E Yongjian, a researcher with the Bank of Communications, said, "The foreign exchange purchase for this year will see a significant increase over last year, though there are still uncertainties."
He said the rising foreign exchange purchase has ruled out the possibility for easing measures, such as bank reserve ratio rate cuts, but an increase is unlikely either because of the pressure of fewer deposits faced by banks.
The interest rate will also remain unchanged to guard against further surge in capital inflow, he added.
Peng Wensheng, chief economist at China International Capital Corp, said, "The monetary policies will be set to neutral."
To mop up excess liquidity from the rising foreign purchase, the central bank has been draining liquidity via open market operations.
This week, 76 billion yuan has been removed from the money markets through 28-day repos in the bank's regular open market operations.
Taking into consideration the 59 billion yuan in central bank repos and bills maturing, the central bank actually withdrew 17 billion yuan from the markets, a softer move from a week earlier, which analysts read as the bank's attempt to keep moderate liquidity to support the tepid economic recovery in the context of lower-than-expected inflation data.

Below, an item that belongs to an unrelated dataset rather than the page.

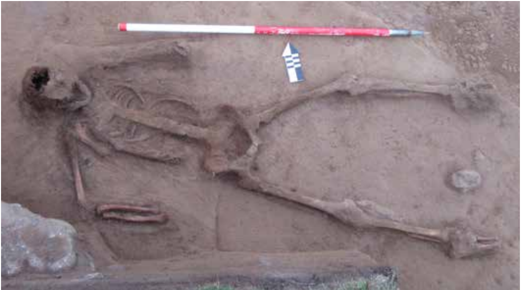
The skeleton in situ. Scale is 1m - photograph courtesy of Philip de Jersey.

There is more to do, but the analysis so far has revealed that this was a young man, no older than late 20's. The buttons have been sent away for specialist conservation and initial reports show that there are six of leather, a large flat copper alloy one and three of horn with copper alloy loops. A portion of textile has survived attached to one of the buttons and this is probably wool. Once the conservation is complete we will seek specialist identification of the buttons and it should be possible to say what kinds of garments they were from. We will also get a radiocarbon date for the skeleton.

China's consumer price index rose 2.1 percent year-on-year in March, down from a 10-month high of 3.2 percent in February, and the producer price index, which measures wholesale inflation, fell for the 13th consecutive month.
However, the mild inflation and relatively gentle recovery suggest little possibility of monetary tightening, while ample liquidity in the markets makes policy easing equally unlikely, according to analysts.
The Chinese economy saw its slowest growth in 13 years in 2012, increasing 7.8 percent, but growth began to show signs of recovery in the fourth quarter of last year.